The study's senior author Dr. David Breland, of Seattle Children's Research Institute, was unable respond to a request for comment by press time.

Dr. Aron Janssen, who directs the Gender and Sexuality Service at NYU Langone's Child Study Center in New York City and wasn't involved in the study, told Reuters Health that access to health care for transgender youths is generally moving in the right direction. But still, he said, there are things in medical education that need to change.

He said some organizations are helping to train doctors to care for transgender youths and adults. Doctors who don't feel equipped to provide competent care should take steps to get educated, he said.

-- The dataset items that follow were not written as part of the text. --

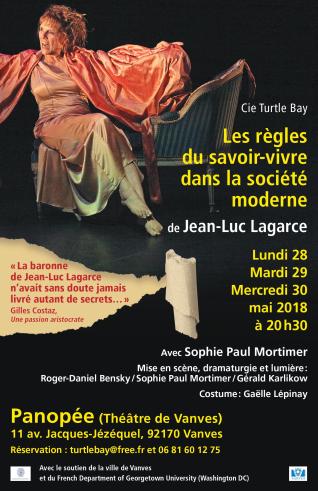 Du 28 au 30 mai 2018, la comédienne Sophie Paul Mortimer revient sur la scène de la Salle Panopée à Vanves pour trois nouvelles représentations de la pièce de Jean-Luc Lagarce. En juin 2017 on avait apprécié l’interprétation ardente qu’elle avait donnée, seule en scène, de ce texte singulier, un des derniers de l’auteur, écrit et créé en 1994. « Les règles du savoir vivre dans la société moderne » est inspiré de l’ouvrage éponyme – et à succès – de la baronne Staffe publié en 1889. Ce manuel des convenances dans le monde de la haute bourgeoisie, Jean-Luc Lagarce en a dynamité le verbe et la syntaxe pour livrer un texte drôle et corrosif où il pointe avec une ironie mordante la famille, l’amour, la mort, la solitude et les faux-semblants de la société.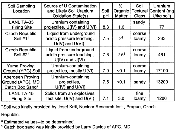 These studies were conducted with soils which were contaminated with U by different processes. These processes are likely to influence the efficiency of the leaching agents. It is important to know the source of soil contamination by U, the oxidation state of the soil U and the soil properties.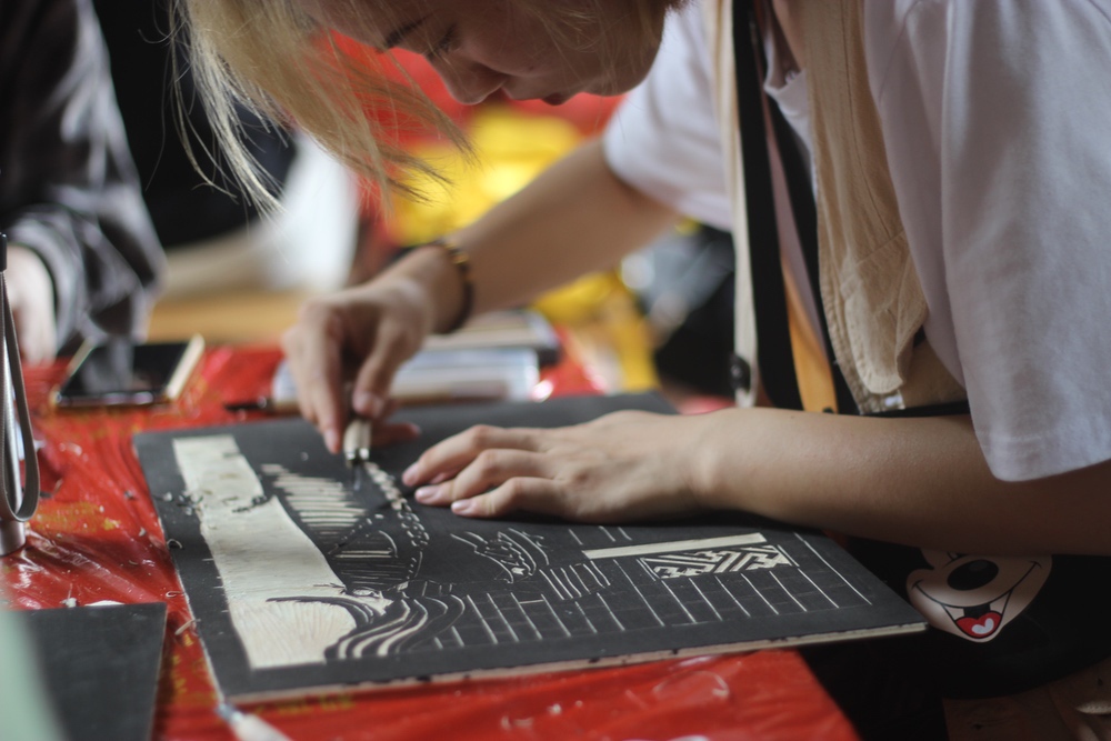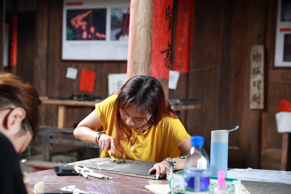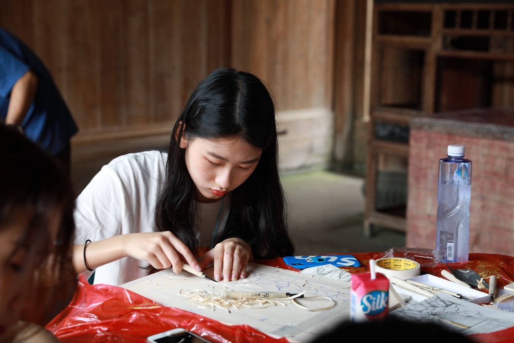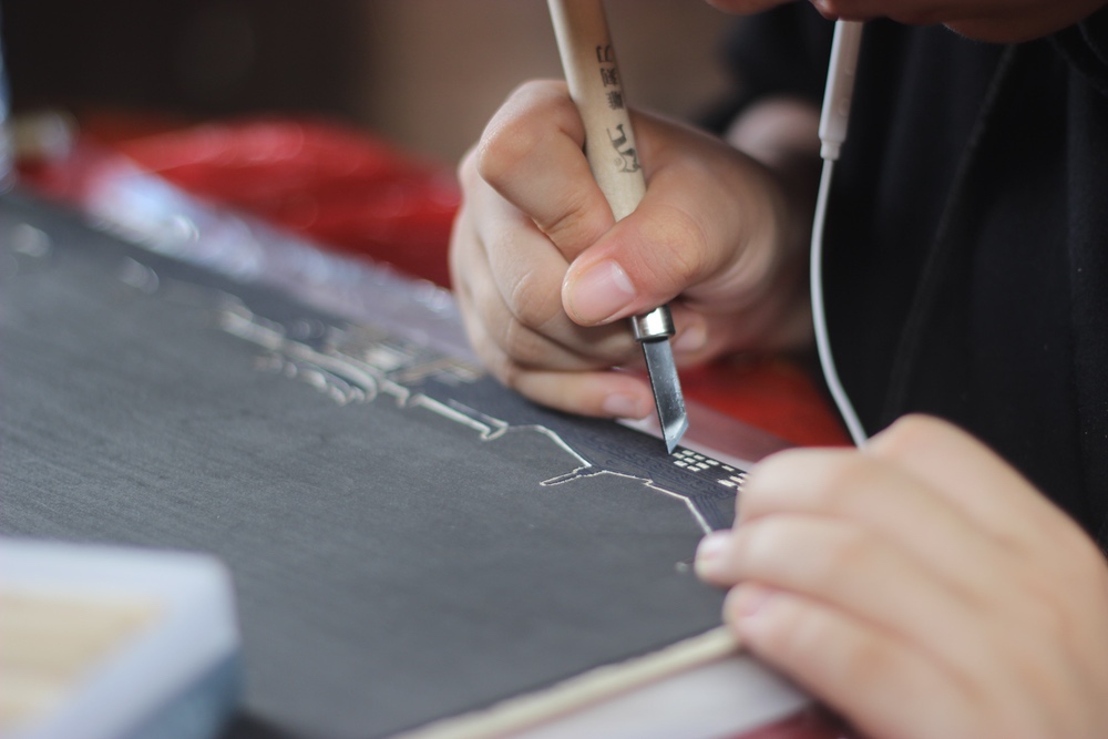不知不觉,刀版之间纵横错落,实践周的日程已半,视传平面设计专业学子在老师们的带领下感受古坊古声,从从一件件古朴的雕刻中感受当时的艺术,我们还在路上,感受雕刻文化的同时也提升着自我。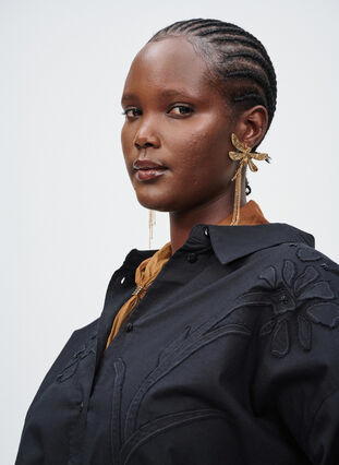 Elegante Bluse aus 100% Baumwolle mit klassischem Kragen und durchgehender Knopfleiste. Die Bluse hat lange Ärmel mit breiten Manschetten und drei Knöpfen, sowie eine lockere Passform mit einem leicht abgerundeten Saum. Ton-in-Ton Blumenstickereien und kleine Perlendetails auf der Brust verleihen dem schlichten Design einen dezenten, femininen Touch.
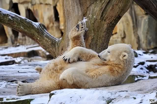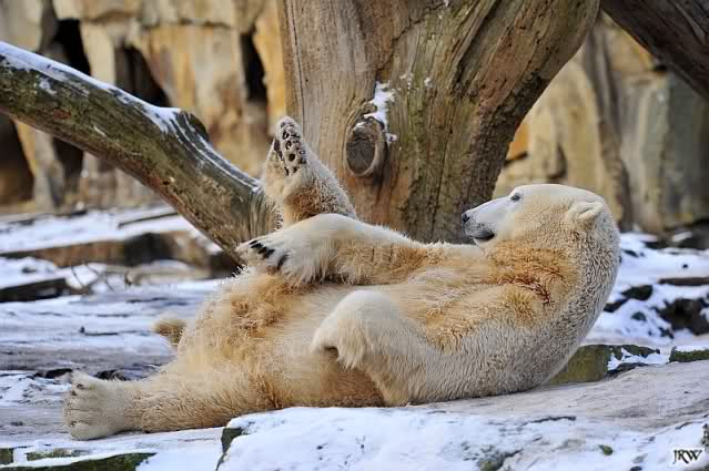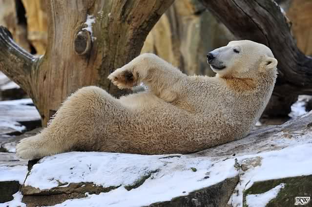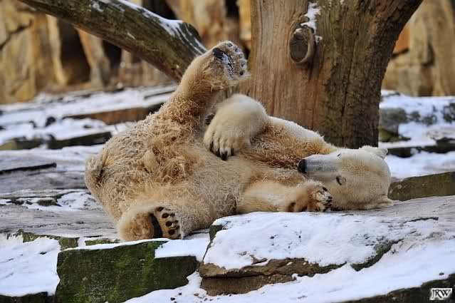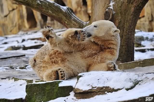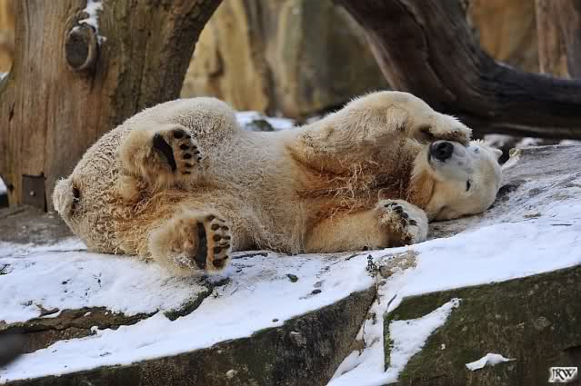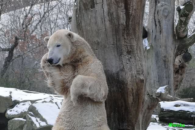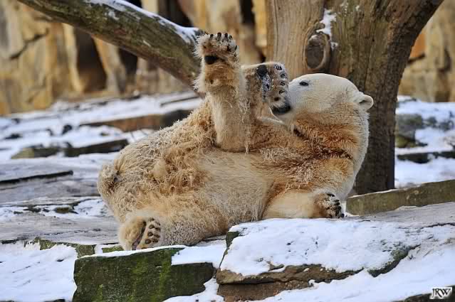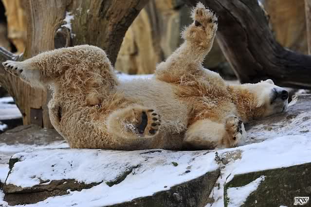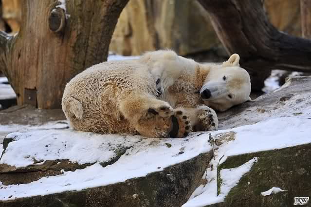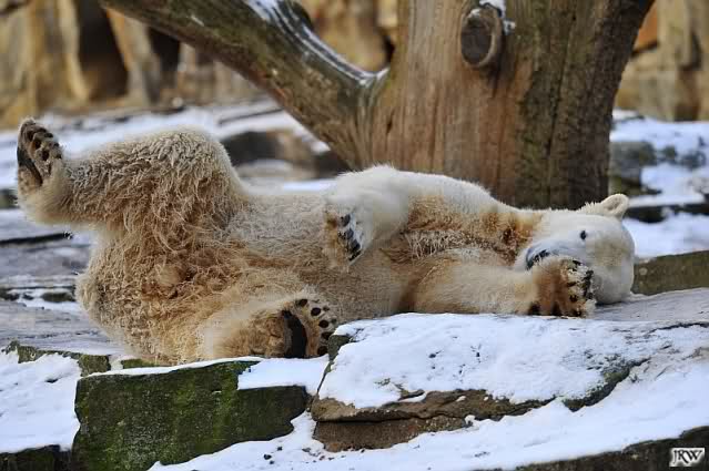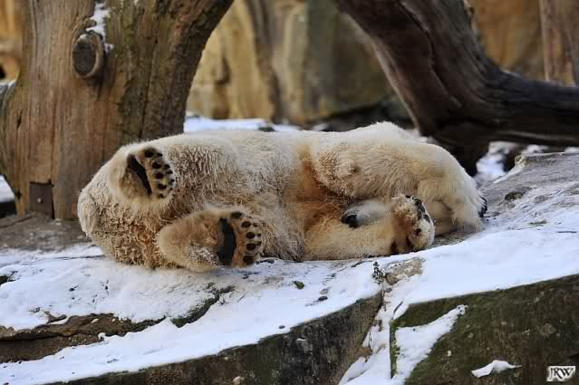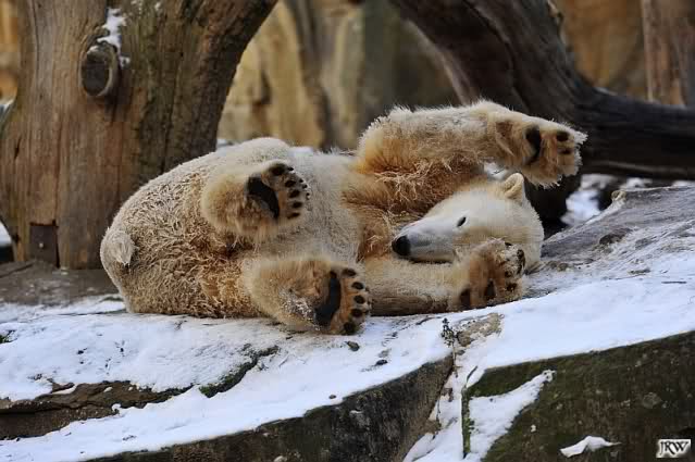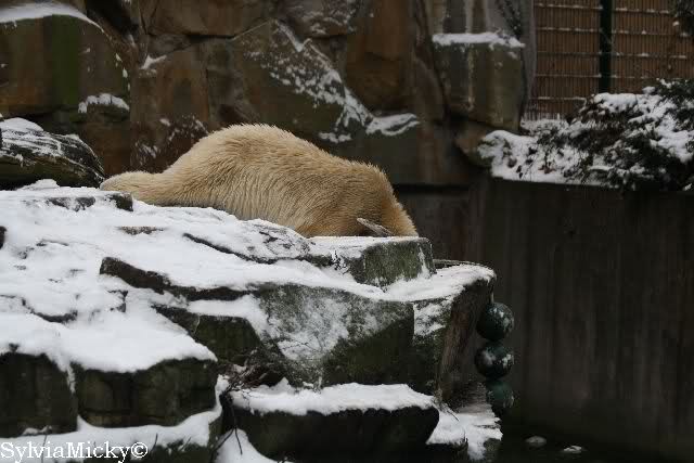 Dann wurde gebalgt und auf Eisbärenart geschmust. Aber nicht zu lange. Dann ging Knut zu seiner Kuhle und aalte sich dort lange und genüsslich im Schnee.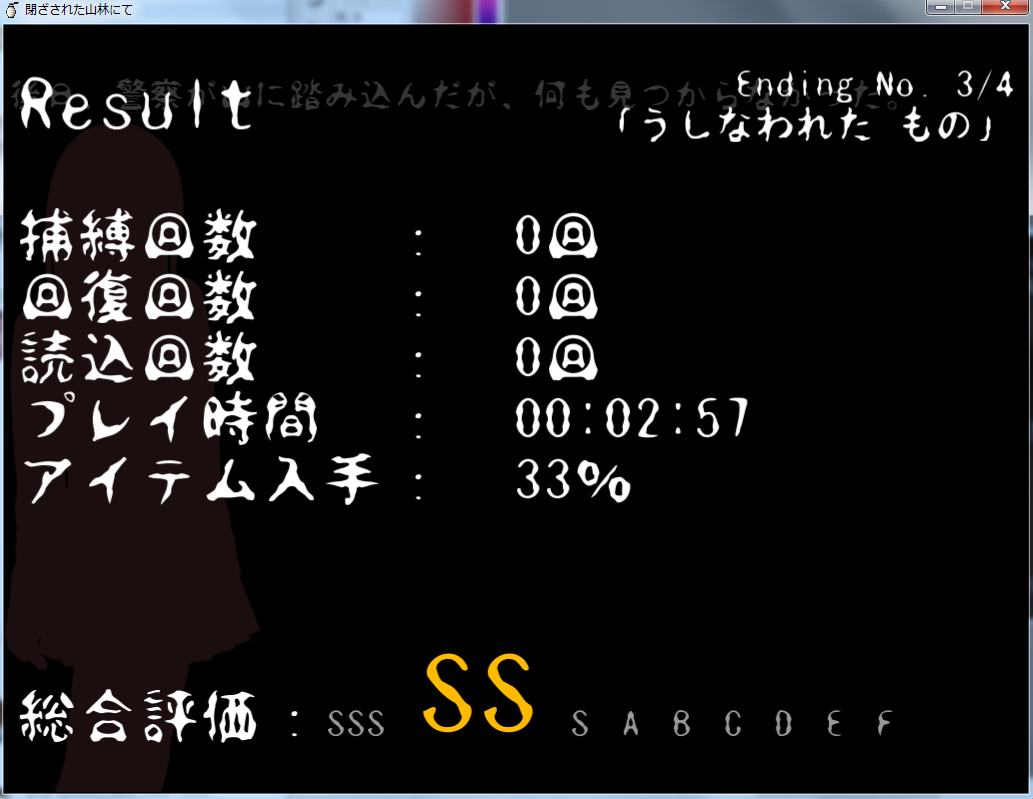 ここまでやってSSってことはアイテム入手33%が原因かしら。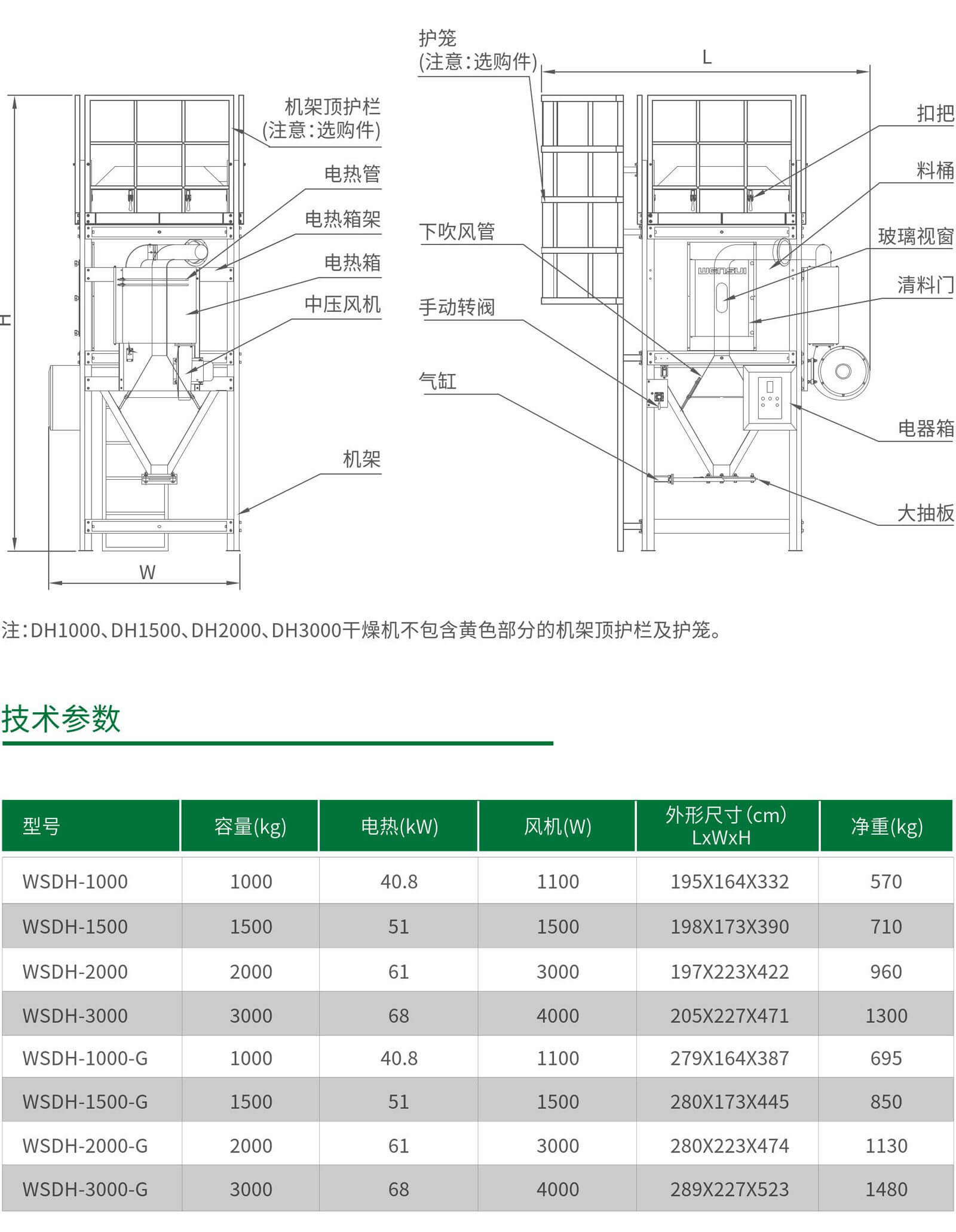 注:干燥机容量以装载尼龙6颗粒状原料的质量为标准;电源:3Φ 380VAC 50Hz;

"The important piece about the study is that it incorporates the patient's family's voice," said Janssen. "All too often, services are developed without the perspective of patients and their families. I think it's a vital piece and a piece that we haven't heard much of."

He added, "Too often the patient and family voices are absent in the scientific literature and they're the ones who are most affected by treatment and access issues, and they're crucial to the research we do."